* DATASET EXCERPT
•••

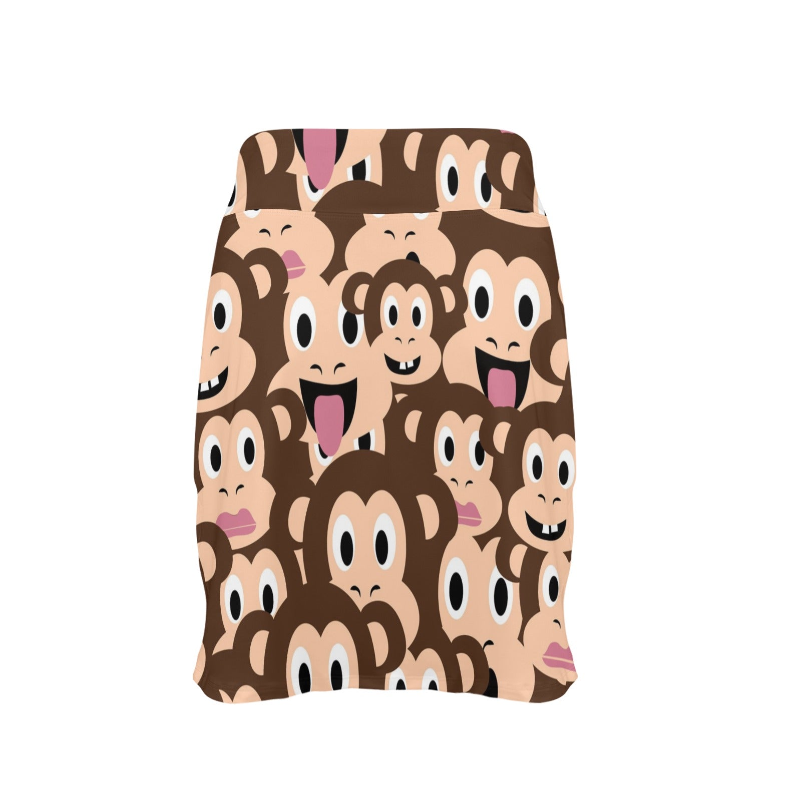 Emoji Monkey Print Pattern Women's Golf Skirt with Pocket
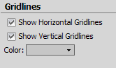 The gridline options give the choice of whether to show the Horizontal or Vertical Gridlines and what color they will be if they are displayed.
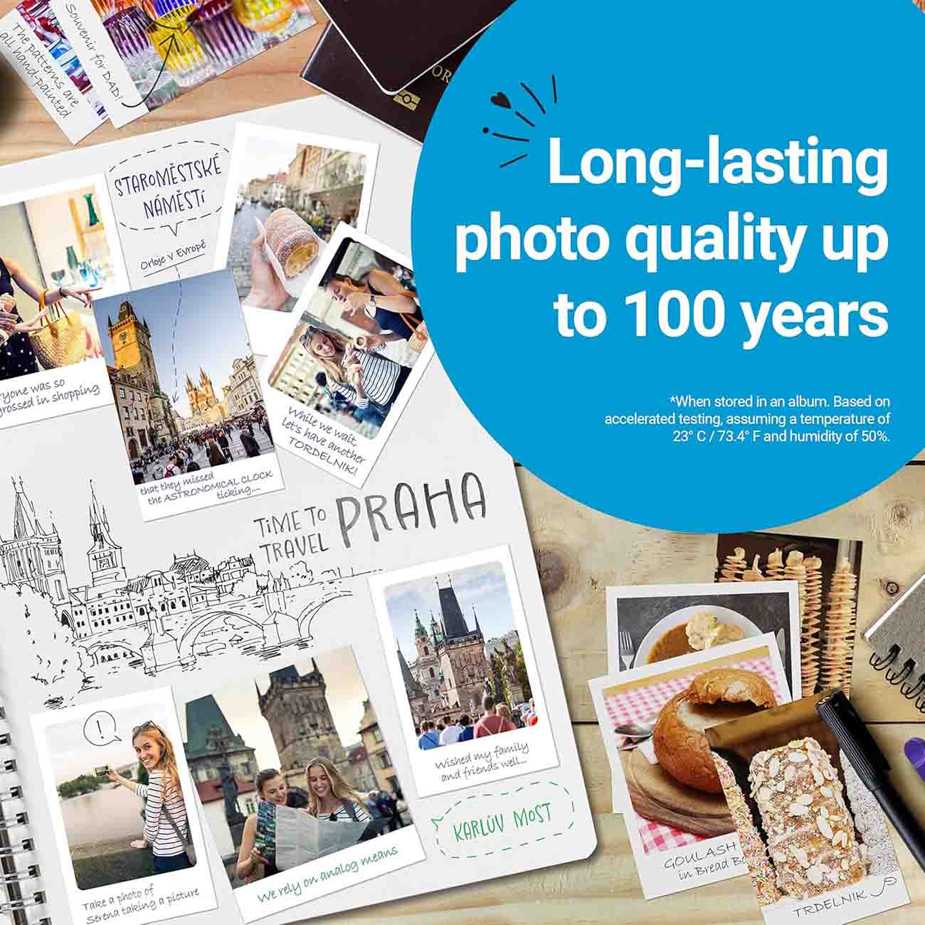 Delivers high-quality prints with vibrant colors that last up to 100 years.
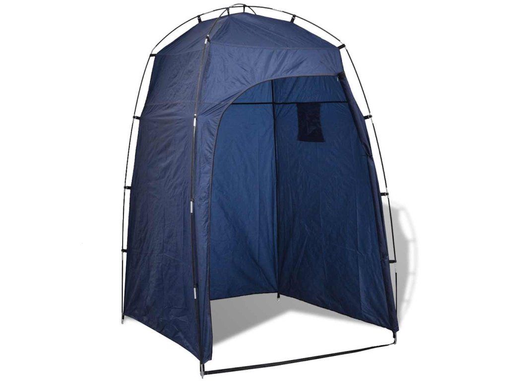 Tento stan na převlékání podepírá tyč ze sklolaminátu, takže je odolný, stabilní a praktický. Tento WC stan má krytou střechu pro větší soukromí, když se sprchujete nebo převlékáte. Jeho velký, zipem opatřený vchod umožňuje pohodlný vstup. Sprchový stan má uvnitř dvě úložné přihrádky, do kterých si můžete odložit šampón, sprchový gel a další věci. Jelikož stan nemá podlážku, budete ho moci udržovat uvnitř snadněji čistý.

•••

* AIM OF THE EXERCISE
Transcribe the data word for word, with no images.

* RESPONSE
 Emoji Monkey Print Pattern Women's Golf Skirt with Pocket
 The gridline options give the choice of whether to show the Horizontal or Vertical Gridlines and what color they will be if they are displayed.
 Delivers high-quality prints with vibrant colors that last up to 100 years.
 Tento stan na převlékání podepírá tyč ze sklolaminátu, takže je odolný, stabilní a praktický. Tento WC stan má krytou střechu pro větší soukromí, když se sprchujete nebo převlékáte. Jeho velký, zipem opatřený vchod umožňuje pohodlný vstup. Sprchový stan má uvnitř dvě úložné přihrádky, do kterých si můžete odložit šampón, sprchový gel a další věci. Jelikož stan nemá podlážku, budete ho moci udržovat uvnitř snadněji čistý.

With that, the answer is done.